Homologous recombination

Homologous recombination plays a key role in the maintenance of genomic integrity of a cell

Double stranded breaks (DSBs), which can be generated by a number of intrinsic and extrinsic factors, are deleterious for a cell and must be accurately repaired. DSBs are mostly repaired by either homologous recombination (HR) or non-homologous end joining. Repair through HR depends on strict sequence homology and is known to be the most precise repair mechanism, whereas non-homologous end joining (NHEJ) directly ligates broken DNA ends and is known to be a more error prone mechanism [1,2]. HR plays important roles during both mitosis and meiosis. Mitotic HR occurs in both the germline and somatic cells and plays a key role in the maintenance of genomic integrity by ensuring precise and timely repair of DNA damage. HR is closely linked to cell cycle. Cell cycle checkpoints ensure that damage to DNA is repaired prior to entry of cell into mitosis (G2/M checkpoint) or S phase (G1 checkpoint). Proteins such as p53 regulate both the cell cycle checkpoints and HR. The G2 checkpoint plays a critical role in the maintenance of genomic integrity because if DSBs are not repaired before entry of the cell into mitosis, they can lead to rearrangements or loss of chromosomal fragments in the subsequent G1 phase of the cell cycle. In late S and G2 phases, HR can use the sister chromatid as a template to accomplish error free repair of DNA damage. Homologous recombination in G1, which utilizes homologous chromosome as a template for repair synthesis, is suppressed at multiple levels. This ensures that the mitotic homologous recombination machinery uses only the sister chromatid as a template so that repair synthesis is error free [3-5]

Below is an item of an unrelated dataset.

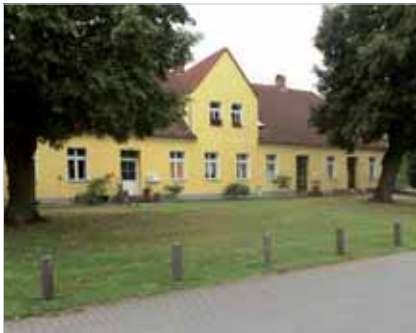
Gemeindehaus Klein-Ziethen Am Dorfplatz 2

Meiotic HR ensures genetic diversity and proper chromosomal segregation

Meiotic homologous recombination is not only a repair mechanism but also serves as a tool to generate diversity through exchange of genetic information between homologous chromosomes and also contributes to evolution of genes and proper chromosomal segregation [1,4,6]. Meiotic recombination in the first nuclear division is initiated by the introduction of double-strand breaks (DSBs) by Spo11, a topoisomerase-like enzyme, at specific sites known as hotspots, which range in number from 10,000–40,000 in mammalian cells [7]. Induction of DNA breaks is followed by repair synthesis using a homologous chromosome or a sister chromatid as a template. It seems multiple mechanisms ensure usage of a homologous chromosome as the more frequent/preferred choice over sister chromatid during meiotic HR in yeast [8]. This is important to ensure exchange of genetic material between homologous chromosomes and accurate chromosomal segregation.

Repetitive sequences are protected from HR to avoid genomic instability

Repetitive sequences, comprising nearly 50% of human genome, pose a threat to genome stability. This is because these sequences can potentially promote unnecessary/unscheduled homologous recombination and may also induce non-allelic homologous recombination leading to deleterious genomic changes (deletions, insertions, inversions, translocations) and instability. Repetitive sequences involving transposan elements (TEs) can undergo transposition activity leading to genomic rearrangements. Moreover, repetitive sequences can also interfere in proper chromosomal segregation. Therefore, as a safety mechanism, regions of genome containing repetitive sequences are made inaccessible through the formation of heterochromatin. Histone hypoacetylation, DNA methylation and trimethylation of lysine 9 of histone H3 (H3K9me3) are prominent epigenetic marks of heterochromatin. A non-histone protein heterochromatin protein 1 (HP1) recognizes and interacts with these marks leading to further compaction of heterochromatin [9]. Heterochromatin formed at pericentromeric regions is associated with H4K20me3 [10]. H3K9me3 and DNA methylation are prominent marks at subtelomeric and telomeric regions. Other important marks of heterochromatin include H3K9me3 in endogenous retroviral sequences (classes I–II) in embryonic stem cells [11]and DNA methylation and SUV39H in LINE elements (non-LTR retrotransposons) in embryonic stem cells of mouse [12].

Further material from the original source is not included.